Das Heyse-Unheil
Vierzehn Jahre nach der ersten Einführung der „erleichternden“ Reformschreibung an den Schulen herrscht im deutschen Sprachraum immer noch heillose Verwirrung – am sichtbarsten bei der s-Schreibung. Die heimtückische Zwangsmissionierung durch die Presse verbiegt erlernte Fähigkeiten. Eine ganze Sprachgemeinschaft wurde und wird in ein Heer von Schreibstümpern verwandelt. Die Beispiele kann man täglich in den einsehbaren Online-Leserbriefen lesen, z.B. auch in der „Presse“, die sich anfangs noch auf Wunsch der Leser der neuen „Stussschreibung“ verweigert hatte:
Es muß mit der Ausbeuterei des Volkes endlich Schluß sein, und dass muß eben zumindest für alle grundsätzlich lebensnotwendigen Dinge gelten, dass diese vollkommen unbesteuert sind. Nur alles was darüber hinaus geht, darf einer Besteuerung unterliegen! Es muß die Gehaltserhöhung für alle Beamte zurückgenommen werden …
Die Presse 2.11.2010
Dabei hatte der Schreibratsvorsitzende Zehetmair am Anfang seiner Tätigkeit noch vollmundig verkündet, alles käme auf den Prüfstand. Wie das dann aussah, hat Th. Ickler in der FAZ nach seinem Ausscheiden aus dem Rat dargestellt:
… Mannheim, 28. Oktober [2005]
Die s-Schreibung soll auf einer Plenarsitzung diskutiert werden. Ich sehe jedoch auch hier keinerlei Änderungsbereitschaft. Angeblich kommen die Schüler problemlos zurecht. Untersuchungen gibt es natürlich nicht. Als ich feststelle, daß wir keine Schulorthographie, sondern eine Orthographie für Qualitätstexte zu machen hätten, höhnen einige Mitglieder gleich wieder, als hätte ich kein Herz für Kinder.
„Ja, da kann man nur noch gehen“ FAZ
Am 2. Januar des folgenden Jahres durfte der „Spiegel“ dann das Monate zurückliegende Wort der abgetretenen KMK-Präsidentin Wanka von der Beibehaltung der Reform aus „Staatsräson“ veröffentlichen.

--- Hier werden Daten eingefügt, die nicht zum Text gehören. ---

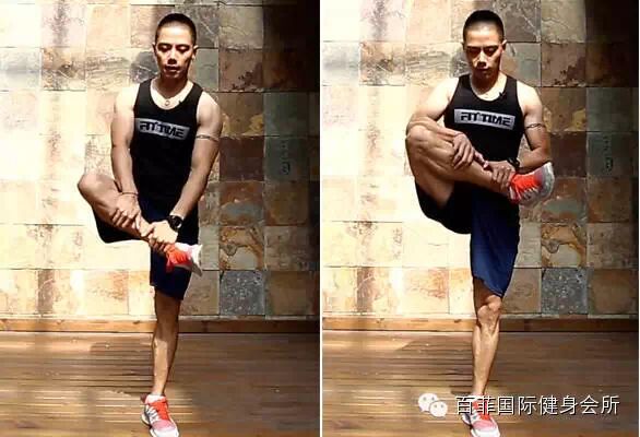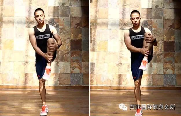 1.保持站姿,手握住踝关节,将脚后跟拉近臀部;

Ihre Nachfolgerin, die versierte SPD-Taktikerin Erdsiek-Rave, kappte kurzerhand alle weiteren Überprüfungen und zwang den Rat, schon am 2. März ein unfertiges Reparaturprodukt vorzulegen, wodurch ein weiterer schon avisierter Überprüfungstermin gestrichen werden mußte.
So konnten (zit. nach Th. Ickler) Besch/Wolf als faule Entschuldigung anführen: Da dem Rechtschreibrat von politischer Seite nur gut ein Jahr für Korrekturen an dem Regelwerk von 1998 zugestanden wurde, konnten weitere störende Elemente (etwa Fremdwort-Eindeutschungen in der Schreibung; falsche Etymologisierung, Dreifachkonsonanz; ß-Schreibung als halbe Lösung) nicht beseitigt werden. Sie bleiben Bestandteil des Regelwerks von 2006.
Die Fehlerträchtigkeit des Heyse-Systems bei Schülern wurde schon 1999 durch Prof. Harald Marx beobachtet und 2009 durch den Germanisten Uwe Grund unwiderleglich festgestellt.
Mit unseren Vorschlägen wollten wir Sinnbeeinträchtigungen und ästhetische Beeinträchtigungen vermeiden,“ hatte Zehetmair noch vier Monate vorher angekündigt. Die Beseitigung der neuen „Esssucht“ hätte dazugehören müssen. Aber dann wäre die „Reform“ wohl zusammengebrochen.